* WHAT IS NEEDED *
Images excluded, repeat each entry below exactly.

* MATERIAL SHOWN *
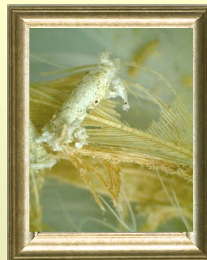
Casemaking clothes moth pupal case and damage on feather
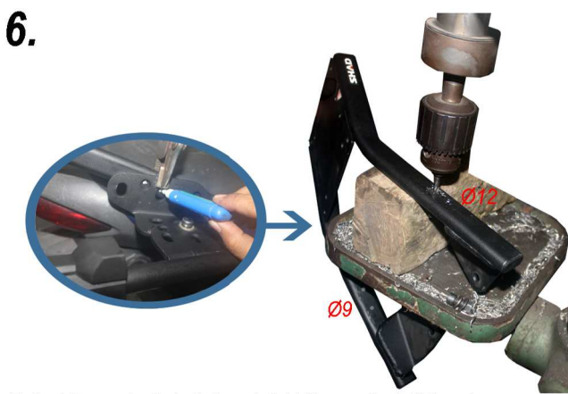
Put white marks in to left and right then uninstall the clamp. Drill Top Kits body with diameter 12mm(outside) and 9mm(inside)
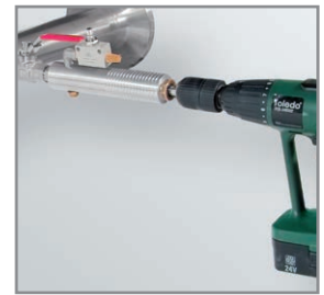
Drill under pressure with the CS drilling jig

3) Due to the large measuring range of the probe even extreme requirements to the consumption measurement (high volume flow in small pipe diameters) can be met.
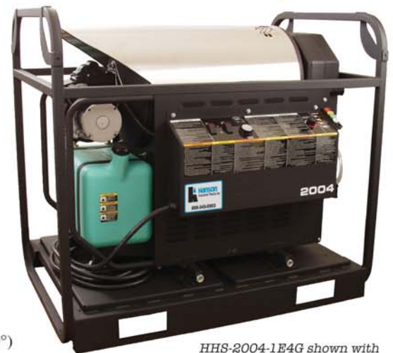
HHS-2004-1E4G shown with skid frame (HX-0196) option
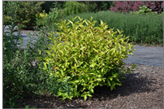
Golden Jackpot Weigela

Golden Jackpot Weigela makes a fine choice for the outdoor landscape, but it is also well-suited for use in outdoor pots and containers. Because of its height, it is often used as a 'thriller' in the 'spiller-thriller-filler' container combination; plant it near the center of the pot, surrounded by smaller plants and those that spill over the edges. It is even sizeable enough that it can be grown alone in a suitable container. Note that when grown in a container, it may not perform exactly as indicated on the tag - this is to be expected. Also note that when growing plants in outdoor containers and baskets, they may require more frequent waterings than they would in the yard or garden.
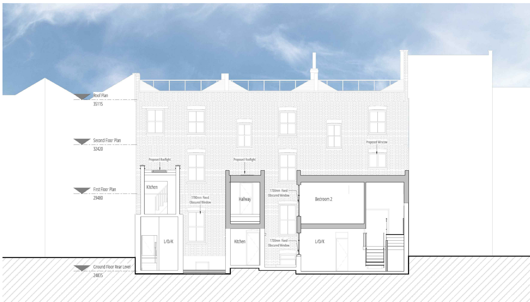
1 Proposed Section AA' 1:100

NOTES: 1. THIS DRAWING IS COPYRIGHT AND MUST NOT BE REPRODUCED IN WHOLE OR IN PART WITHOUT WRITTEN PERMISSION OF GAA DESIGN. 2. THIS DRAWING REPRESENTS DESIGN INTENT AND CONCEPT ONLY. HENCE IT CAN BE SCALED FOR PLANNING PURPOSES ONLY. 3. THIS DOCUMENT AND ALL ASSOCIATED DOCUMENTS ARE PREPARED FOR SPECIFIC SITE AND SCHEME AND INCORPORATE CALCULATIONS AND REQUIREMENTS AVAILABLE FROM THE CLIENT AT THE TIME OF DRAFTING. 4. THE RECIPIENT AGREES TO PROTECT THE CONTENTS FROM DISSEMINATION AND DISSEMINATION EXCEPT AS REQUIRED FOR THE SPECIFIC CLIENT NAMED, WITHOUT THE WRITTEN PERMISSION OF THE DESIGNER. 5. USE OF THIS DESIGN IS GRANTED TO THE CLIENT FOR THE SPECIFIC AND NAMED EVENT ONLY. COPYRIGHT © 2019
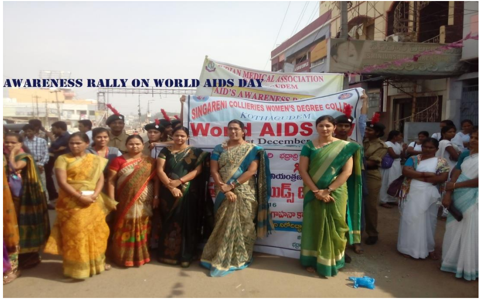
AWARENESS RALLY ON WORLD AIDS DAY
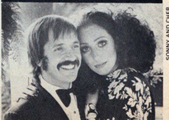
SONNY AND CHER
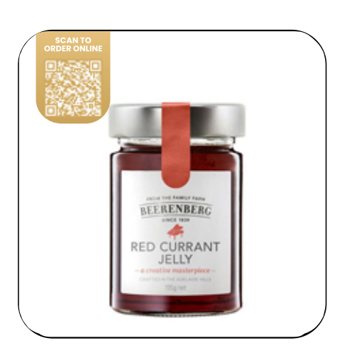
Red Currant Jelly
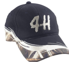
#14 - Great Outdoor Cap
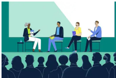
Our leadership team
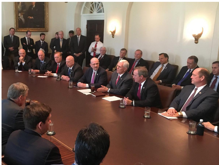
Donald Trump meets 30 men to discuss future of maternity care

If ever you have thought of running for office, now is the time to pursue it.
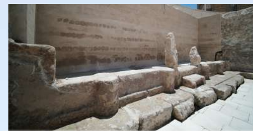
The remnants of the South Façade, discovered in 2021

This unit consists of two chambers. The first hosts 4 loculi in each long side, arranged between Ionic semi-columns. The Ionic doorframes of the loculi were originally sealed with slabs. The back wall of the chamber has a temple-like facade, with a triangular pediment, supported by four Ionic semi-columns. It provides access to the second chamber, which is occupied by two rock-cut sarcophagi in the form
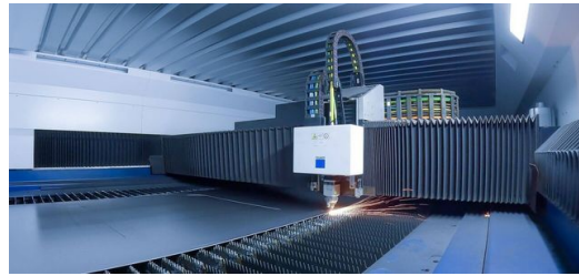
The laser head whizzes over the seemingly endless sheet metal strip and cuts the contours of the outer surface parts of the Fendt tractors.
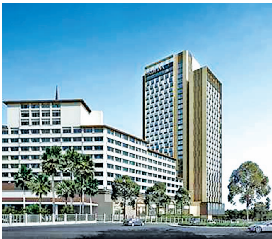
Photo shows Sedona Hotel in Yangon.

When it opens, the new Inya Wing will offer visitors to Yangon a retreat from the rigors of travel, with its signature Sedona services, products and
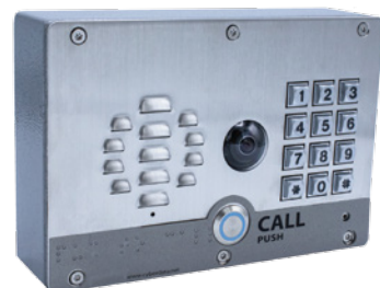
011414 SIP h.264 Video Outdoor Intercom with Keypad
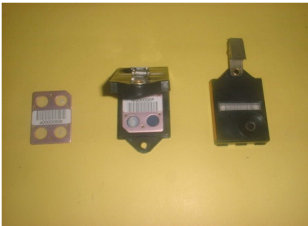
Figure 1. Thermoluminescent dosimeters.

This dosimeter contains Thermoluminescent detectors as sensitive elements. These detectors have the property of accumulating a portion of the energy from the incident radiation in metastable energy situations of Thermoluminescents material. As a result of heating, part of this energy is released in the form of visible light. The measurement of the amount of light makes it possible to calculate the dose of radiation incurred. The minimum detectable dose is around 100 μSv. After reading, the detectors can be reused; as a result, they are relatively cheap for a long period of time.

* TASK ANSWER *
Casemaking clothes moth pupal case and damage on feather
Put white marks in to left and right then uninstall the clamp. Drill Top Kits body with diameter 12mm(outside) and 9mm(inside)
Drill under pressure with the CS drilling jig

3) Due to the large measuring range of the probe even extreme requirements to the consumption measurement (high volume flow in small pipe diameters) can be met.
HHS-2004-1E4G shown with skid frame (HX-0196) option
Golden Jackpot Weigela

Golden Jackpot Weigela makes a fine choice for the outdoor landscape, but it is also well-suited for use in outdoor pots and containers. Because of its height, it is often used as a 'thriller' in the 'spiller-thriller-filler' container combination; plant it near the center of the pot, surrounded by smaller plants and those that spill over the edges. It is even sizeable enough that it can be grown alone in a suitable container. Note that when grown in a container, it may not perform exactly as indicated on the tag - this is to be expected. Also note that when growing plants in outdoor containers and baskets, they may require more frequent waterings than they would in the yard or garden.
1 Proposed Section AA' 1:100

NOTES: 1. THIS DRAWING IS COPYRIGHT AND MUST NOT BE REPRODUCED IN WHOLE OR IN PART WITHOUT WRITTEN PERMISSION OF GAA DESIGN. 2. THIS DRAWING REPRESENTS DESIGN INTENT AND CONCEPT ONLY. HENCE IT CAN BE SCALED FOR PLANNING PURPOSES ONLY. 3. THIS DOCUMENT AND ALL ASSOCIATED DOCUMENTS ARE PREPARED FOR SPECIFIC SITE AND SCHEME AND INCORPORATE CALCULATIONS AND REQUIREMENTS AVAILABLE FROM THE CLIENT AT THE TIME OF DRAFTING. 4. THE RECIPIENT AGREES TO PROTECT THE CONTENTS FROM DISSEMINATION AND DISSEMINATION EXCEPT AS REQUIRED FOR THE SPECIFIC CLIENT NAMED, WITHOUT THE WRITTEN PERMISSION OF THE DESIGNER. 5. USE OF THIS DESIGN IS GRANTED TO THE CLIENT FOR THE SPECIFIC AND NAMED EVENT ONLY. COPYRIGHT © 2019
AWARENESS RALLY ON WORLD AIDS DAY
SONNY AND CHER
Red Currant Jelly
#14 - Great Outdoor Cap
Our leadership team
Donald Trump meets 30 men to discuss future of maternity care

If ever you have thought of running for office, now is the time to pursue it.
The remnants of the South Façade, discovered in 2021

This unit consists of two chambers. The first hosts 4 loculi in each long side, arranged between Ionic semi-columns. The Ionic doorframes of the loculi were originally sealed with slabs. The back wall of the chamber has a temple-like facade, with a triangular pediment, supported by four Ionic semi-columns. It provides access to the second chamber, which is occupied by two rock-cut sarcophagi in the form
The laser head whizzes over the seemingly endless sheet metal strip and cuts the contours of the outer surface parts of the Fendt tractors.
Photo shows Sedona Hotel in Yangon.

When it opens, the new Inya Wing will offer visitors to Yangon a retreat from the rigors of travel, with its signature Sedona services, products and
011414 SIP h.264 Video Outdoor Intercom with Keypad
Figure 1. Thermoluminescent dosimeters.

This dosimeter contains Thermoluminescent detectors as sensitive elements. These detectors have the property of accumulating a portion of the energy from the incident radiation in metastable energy situations of Thermoluminescents material. As a result of heating, part of this energy is released in the form of visible light. The measurement of the amount of light makes it possible to calculate the dose of radiation incurred. The minimum detectable dose is around 100 μSv. After reading, the detectors can be reused; as a result, they are relatively cheap for a long period of time.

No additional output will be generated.